*Activity*
These records are to be written out exactly as they read, minus the pictures.

Saved data entries
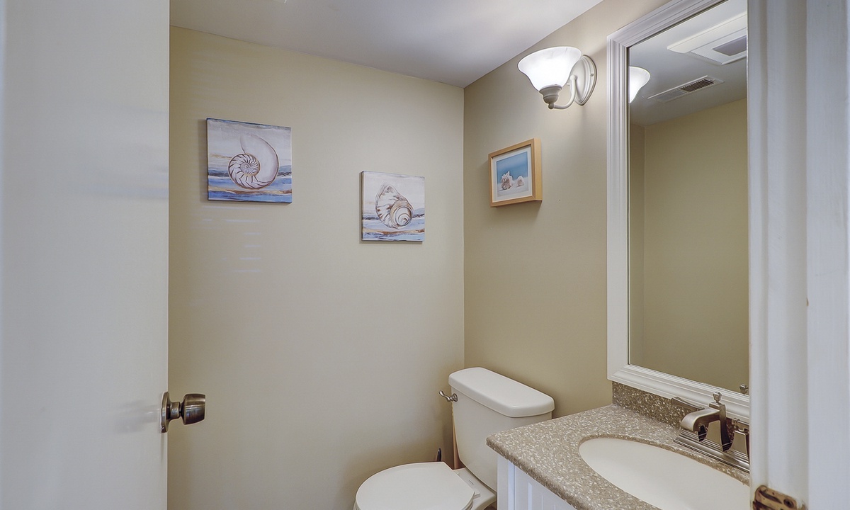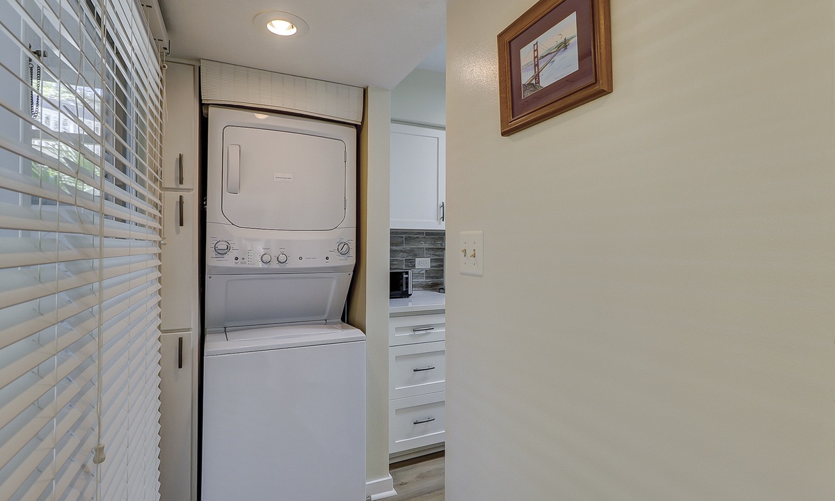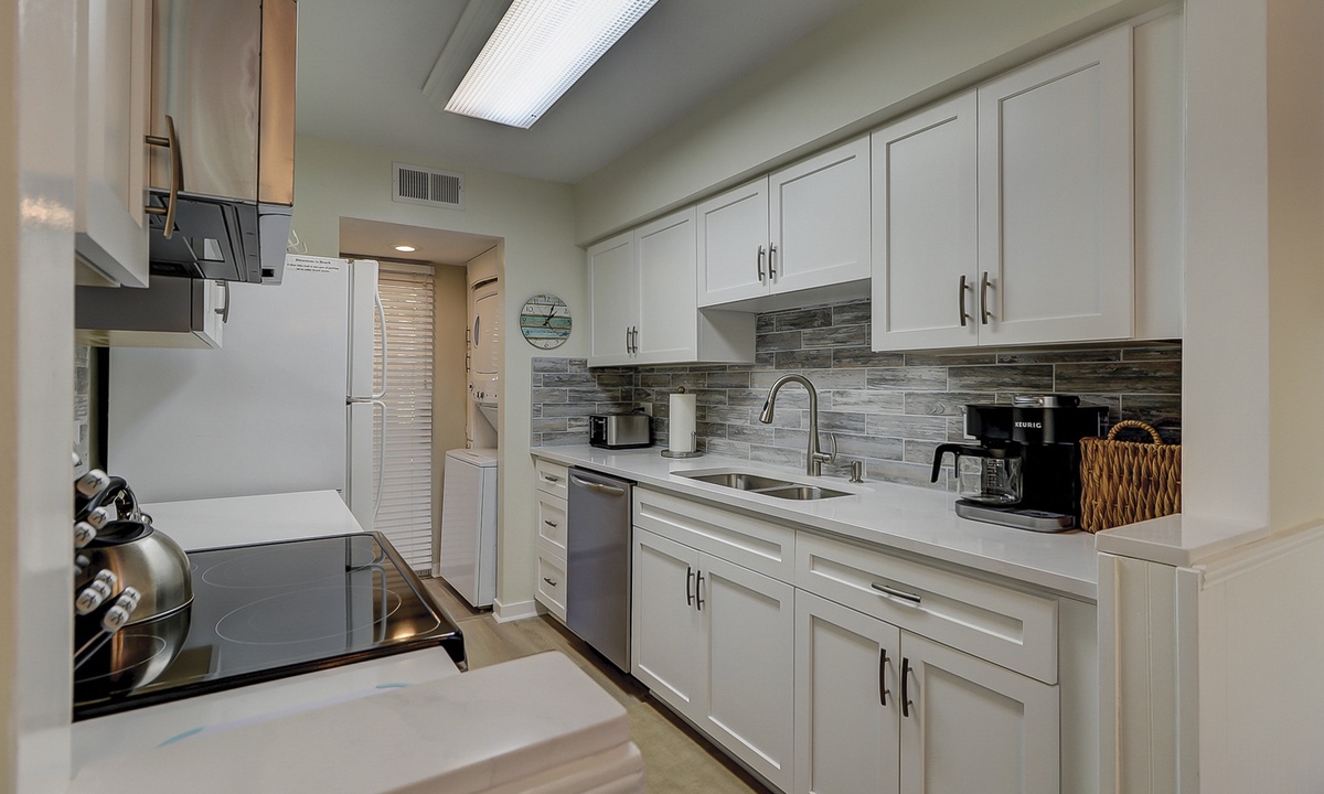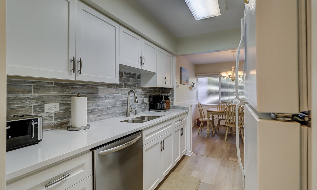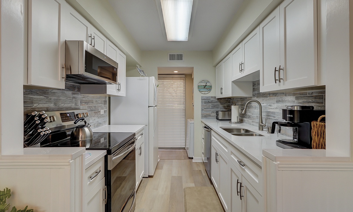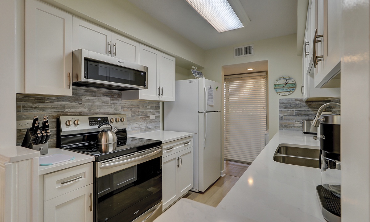 The living area features comfortable furnishings with a sleeper sofa and loveseat, as well as a flat screen TV. The dining area seats 6 comfortably and is open to the galley kitchen. The kitchen has been recently renovated with new cabinetry, stainless steel appliances and is equipped with everything you'll need to prepare a meal for your guests.
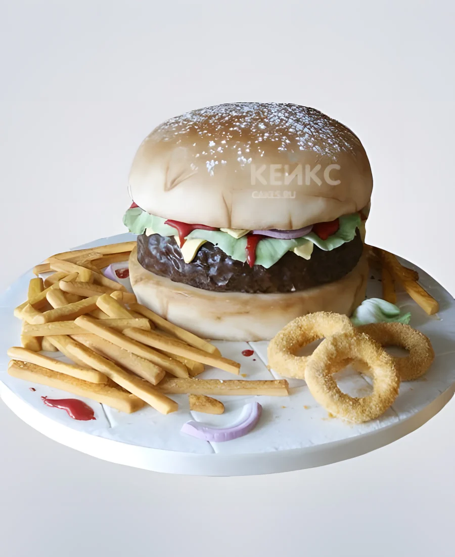 Торт 3D гамбургер с луковыми кольцами
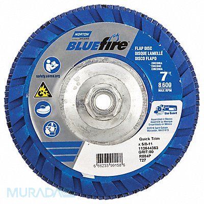 H5976 Flap Disc Abrasive Type Coated Abrasive Material Zirconia Alumina Grade Coarse Backing Plate Material Plastic Connector Size 5/8 In.-11 Connector Type Threaded Hole Density Rating Standard Flap Disc Type Type 27 Overall Diameter 7 in Series BlueFire R884P Backing Material Cotton Backing Weight Y Coating Coverage Semi-Open Grit P80 Maximum Operating Speed 8 600 RPM Color Blue Features Trimmable
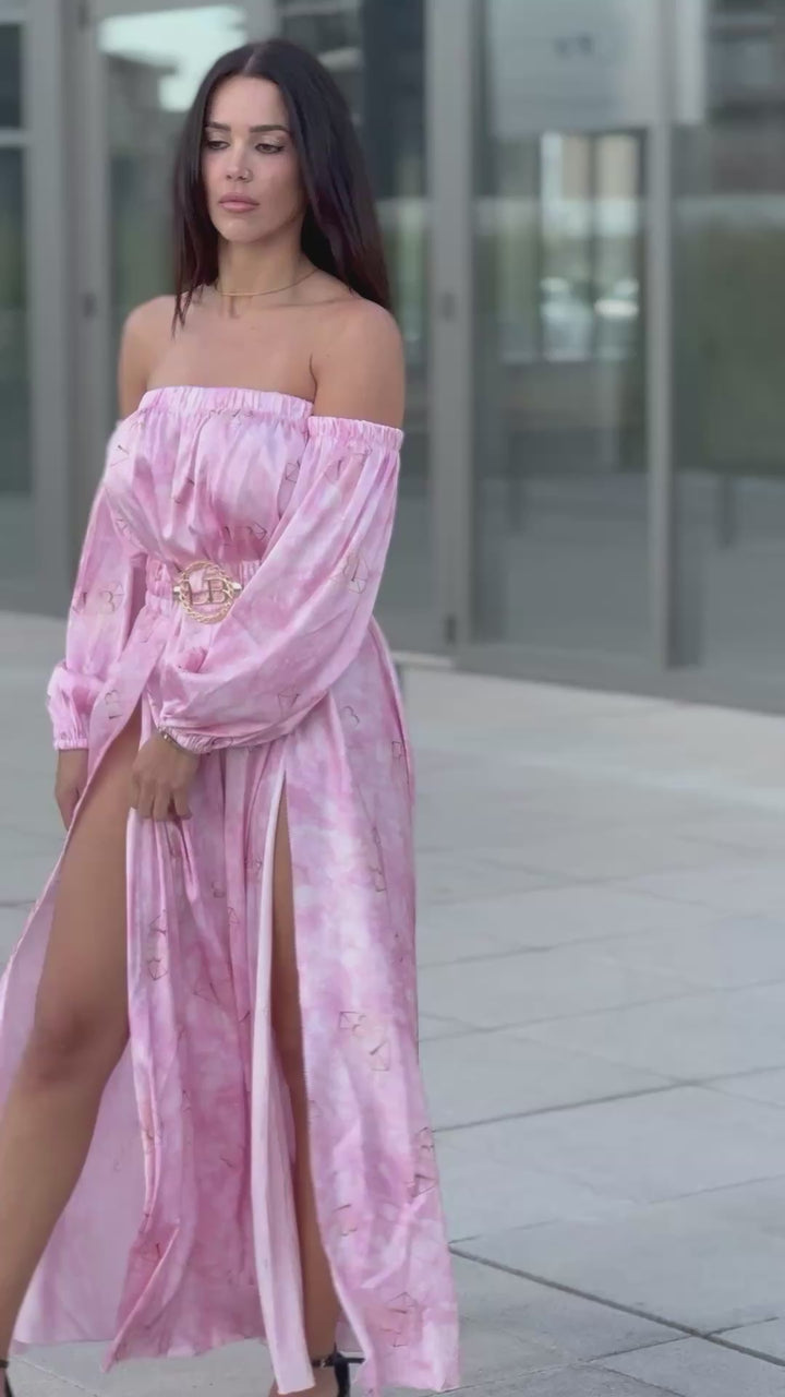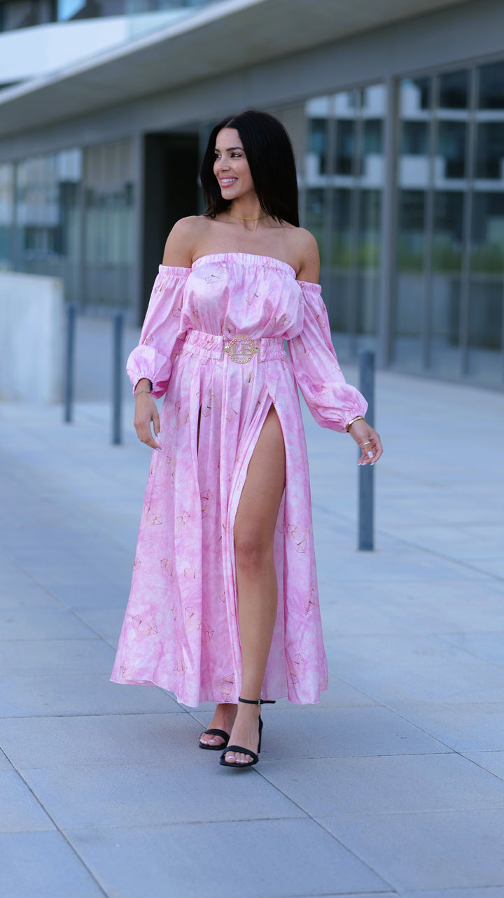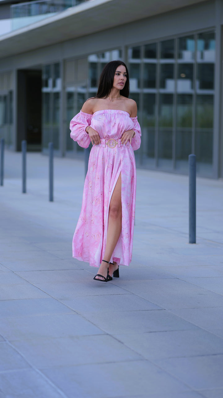 Destaque-se com o seu design versátil, que inclui um cinto com a logomarca em dourado, realçando a silhueta com um toque de requinte. As mangas com efeito de ombro à mostra e a gola estilo barco acrescentam um charme romântico e delicado, tornando este vestido uma peça irresistível.
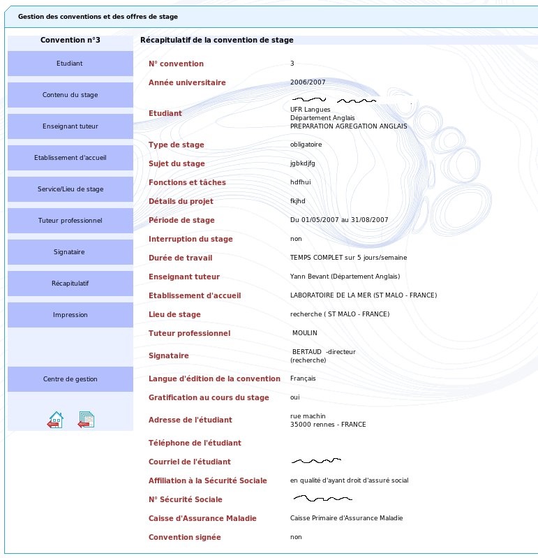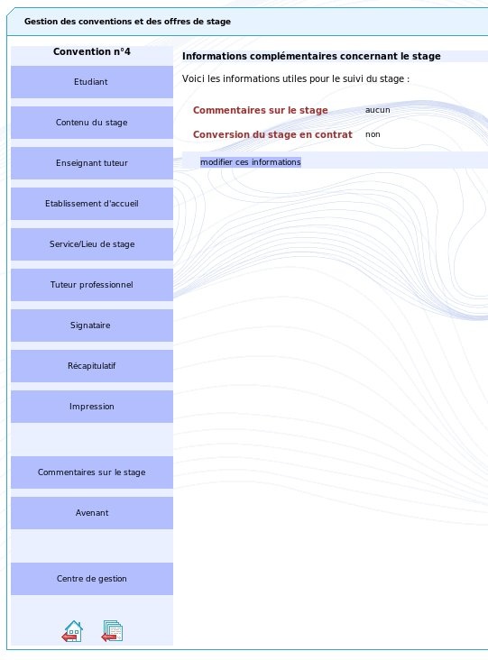 Les informations contenues dans chacun des modules de la convention de stage (étudiant,contenu du stage, choix de l'enseignant tuteur, établissement d'accueil ) peuvent être modifiées ou complétées en cliquant sur l'item de menu de gauche correspondant aux informations à modifier.
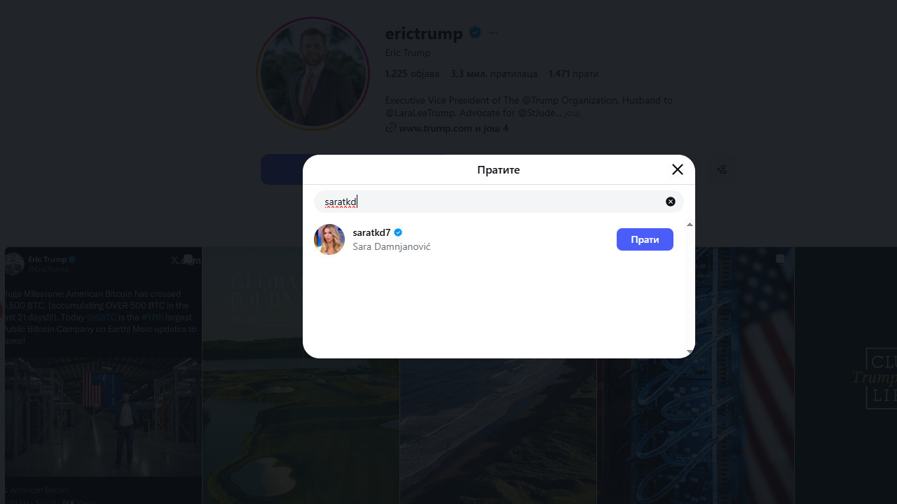 Pre nekoliko dana ju je na Instagramu zapratio sin Donalda Trampa, Erik.
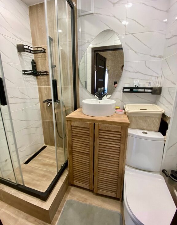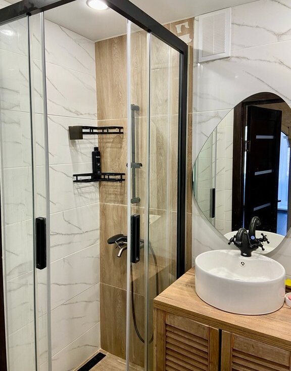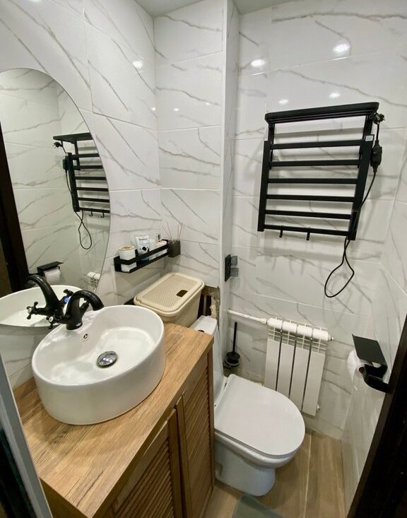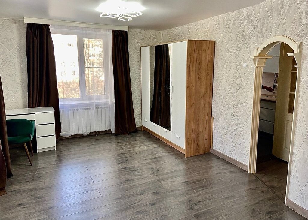 В квартире выполнен косметический ремонт и установлены самые необходимые для комфортного проживания элементы мебели и техники: обустроенные спальные и рабочие места, холодильник, стиральная машина, проточный газовый водонагреватель обеспечит горячей водой даже в сезон отключения ГВС.

*Task response*
 The living area features comfortable furnishings with a sleeper sofa and loveseat, as well as a flat screen TV. The dining area seats 6 comfortably and is open to the galley kitchen. The kitchen has been recently renovated with new cabinetry, stainless steel appliances and is equipped with everything you'll need to prepare a meal for your guests.
 Торт 3D гамбургер с луковыми кольцами
 H5976 Flap Disc Abrasive Type Coated Abrasive Material Zirconia Alumina Grade Coarse Backing Plate Material Plastic Connector Size 5/8 In.-11 Connector Type Threaded Hole Density Rating Standard Flap Disc Type Type 27 Overall Diameter 7 in Series BlueFire R884P Backing Material Cotton Backing Weight Y Coating Coverage Semi-Open Grit P80 Maximum Operating Speed 8 600 RPM Color Blue Features Trimmable
 Destaque-se com o seu design versátil, que inclui um cinto com a logomarca em dourado, realçando a silhueta com um toque de requinte. As mangas com efeito de ombro à mostra e a gola estilo barco acrescentam um charme romântico e delicado, tornando este vestido uma peça irresistível.
 Les informations contenues dans chacun des modules de la convention de stage (étudiant,contenu du stage, choix de l'enseignant tuteur, établissement d'accueil ) peuvent être modifiées ou complétées en cliquant sur l'item de menu de gauche correspondant aux informations à modifier.
 Pre nekoliko dana ju je na Instagramu zapratio sin Donalda Trampa, Erik.
 В квартире выполнен косметический ремонт и установлены самые необходимые для комфортного проживания элементы мебели и техники: обустроенные спальные и рабочие места, холодильник, стиральная машина, проточный газовый водонагреватель обеспечит горячей водой даже в сезон отключения ГВС.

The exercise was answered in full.